No sense it letting these go to waste.

Here's some eye candy from my tank, shot this evening.

All shot from about 5 ft away using a Nikon D90 w/ a telephoto lens.
Minimal post. Lots of coloured LEDs

Note, this is a different elegance coral than in the photo I submitted.


----------



## JamesHurst (Mar 1, 2013)

BTW

If anyone wants any of these for desktop backgrounds or printing (for PERSONAL use of course ), just shoot me your screen size or print size and let me know which pics you want 

I will continue to post my pics here for everyone to check out. Will put some full tank shots up shortly.

- Cameron Billinghurst


----------



## altcharacter (Jan 10, 2011)

P
I
M
P

Very nice dude!


----------



## JamesHurst (Mar 1, 2013)

Thanks dude!  They turned out nicer than I thought they would 

Once I find the battery for my camera, or borrow my buddy's camera and lens again, I'll come over and we'll have some beers and take some snaps of your tank for fun, if you're down.
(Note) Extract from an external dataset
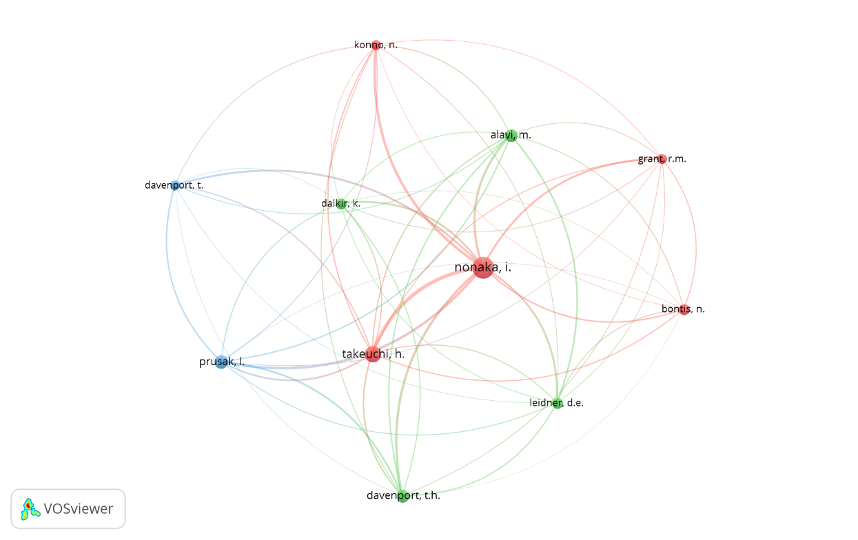 En la Figura 7 se puede observar que la cocitación de autores que han colaborado en obras sobre tema de modelos de gestión del conocimiento son: Nonaka, Takeuchi, Prusak, Davenport y Alavi. Los autores mencionados pueden ser considerados como los principales referentes en la temática considerada para este estudio, destaca Nonaka & Takeuchi donde enfatizan como todos los integrantes de una organización, sean internos o externos, estructuren conocimiento, generando así una memoria, es decir el conocimiento organizacional termina siendo la organización que aprende (Ulaf, 2015). Para esta creación de conocimiento ellos proponen el modelo SECI (Socialización, Externalización, Combinación e Interiorización), el cual permite el cómo se transfiere y se genera conocimiento tácito; se busca estructurar el conocimiento tácito para convertirlo en explícito; se requiere del uso de medios y herramientas de intercambio de información para generar más conocimiento explícito y este debe ser interiorizado y convertido en conocimiento tácito para usarlo entro de las labores organizacionales respectivamente (Barradas y Rodríguez, 2021).

That yellow elegance has been closed since the shoot, in the center only though..... Something got at it, pretty sure. OH MAN speaking of which, I saw that black crab again for the first time in a month. It's HUGE now, the body, not including the legs is like 1.5". It's body looks like a massive black emerald crab. It's legs are covered in yellow hairs. So I guess i know why all my acros died now. It's also being a dick and knocking frags over into my hammers - this week i lost a large colony of sun corals, a flowerpot colony (i saved literally 4 heads and they're mangled) and some weird coral i never actually identified (pic attached).

There's now a baited cup in my tank, to say the least.


----------



## rickcasa (Dec 7, 2011)

Looks nice for rejects. Can't wait to see your A game.


----------



## JamesHurst (Mar 1, 2013)

rickcasa said:


> Looks nice for rejects. Can't wait to see your A game.


http://www.gtaaquaria.com/forum/showthread.php?t=46248


----------



## kamal (Apr 21, 2009)

those are beautiful corals and really nicely taken pictures.


----------



## JamesHurst (Mar 1, 2013)

kamal said:


> those are beautiful corals and really nicely taken pictures.


Thanks so much!


----------



## JamesHurst (Mar 1, 2013)

Here's a pic taken after lights-out in my tank this evening.
Taken on a Samsung S3.

This is a Red Gorgonian w/ Yellow Polyps


----------